Conquer Anxiety with the 3C Strategy 🔥🔥🔥

Adrian Quintina
7 min readJan 28, 2022

--

“Don’t believe every worried thought you have. Worried thoughts are notoriously inaccurate.”
— Renee Jain

If you’re prone to experiencing anxiety, like me, chances are your mind is your greatest enemy.

When you’re faced with a situation that has the potential to provoke your anxiety, it’s easy to start to imagine the worst or start to self-blame to the extent that the anxiety symptoms become magnified within mere seconds.

If you really want to manage your anxiety, you must be quick in catching your own self-destructive thoughts, as well as adept in transforming these negative thoughts into more positive, facilitative ones.

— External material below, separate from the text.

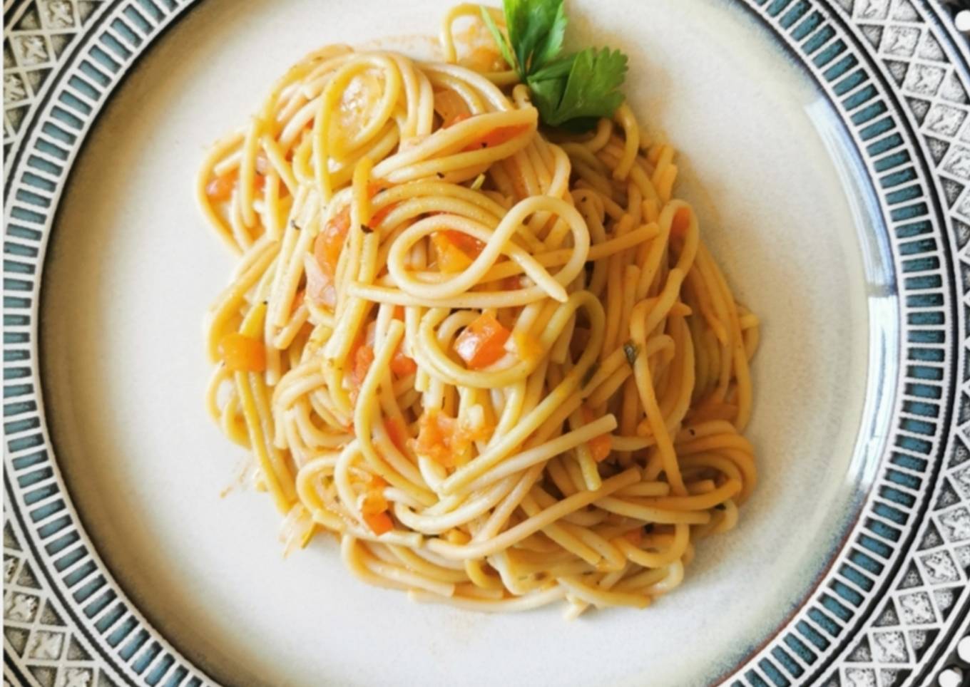 Spaghetti con pasta de vegetales
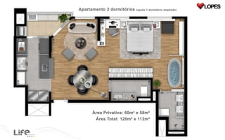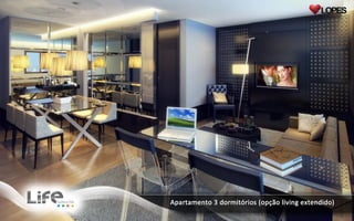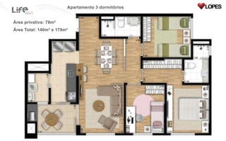 O documento lista 3 tipos de apartamentos com diferentes números de dormitórios e tamanhos variando de 58 a 78 metros quadrados.

How to Deal with Unhelpful Thoughts

Cognitive Behavioral Therapy (CBT), is a school of psychotherapy that states that if you want to manage negative thoughts, you have to consciously exert the effort to stop the negative thoughts and replace them with positive ones. To do this, you need to employ the 3C strategy: cease, calm, change.

Step One: Cease

The first step for managing unhelpful thoughts is to actively, and consciously stop thinking the negative thoughts. The best way that you can stop focusing on the negative thoughts is to find a way to distract yourself.

This may seem a bit counterintuitive; after all, wouldn’t controlling the runaway thoughts be better than not thinking about them at all? The keyword in this question is a runaway. Think about it this way; if an old-fashioned wooden cart is rolling down a hill toward you, it isn’t likely that you’ll stop it by standing in front of it; it will knock you down and keep going, and you’ll be worse for the wear. A more practical example would be to try not to think of a pink elephant. For those with anxiety, that elephant will start to push harder and harder into the mind until it is literally all they can think about. To stop thinking of the pink elephant, you need to try to divert your attention to something else. This distraction will work to derail the power of that overwhelming thought and give you the chance to regain control of your mental processes.

So, the question becomes, how can you distract yourself? A highly recognized technique is to snap a rubber band against your wrist when you start to think unhelpful thoughts. The sharp shock of the rubber band hitting your skin can effectively divert your attention. Another method that you can try is to engage in something physical, like jumping up and down, snapping your fingers in a complicated rhythm, or breaking into song. You might even try shifting your focus to a comical or strange image.

Step Two: Calm

When you can break free of the frantic emotional cycle, your thoughts become your own once again. At this point, the thoughts that you want are calming ones. In previous articles shared on this blog, you

discovered several techniques that you can use to gain instant calm and begin to think more clearly. Basic stress-management skills, include, listening to calming music, breathing exercises, and visualizing being in a peaceful location. If you are religious, you might find that prayer or meditation can help. Let yourself surrender your worries and frustrations, trusting that you will be guided and given strength.

“Calm mind brings inner strength and self-confidence, so that’s very important for good health.”
— Dalai Lama

Step Three: Change

The last step for dealing with unhelpful thoughts is to transform the negative thoughts into positive ones deliberately. This is a process known as reframing, where you actively change the perspective on a situation so that you can see another angle that you might not have thought about before.

For example, if thinking that you might lose your job over a small mistake activates your anxiety, then you can try, instead, to think about all the possible reasons that your employer would want to keep you.

If you think that you are a failure, try thinking about how you have learned from your past mistakes, particularly the times when that learning has led to success. Perhaps you worry that you can’t please everyone all of the time, but can you really think of someone who can?

Understanding Your Feelings

So far, we’ve discussed how thoughts can increase the anxiety that you feel. However, feelings also play a significant role in the degree of your anxiety symptoms and getting in touch with your feelings is as important as getting a handle on your thoughts.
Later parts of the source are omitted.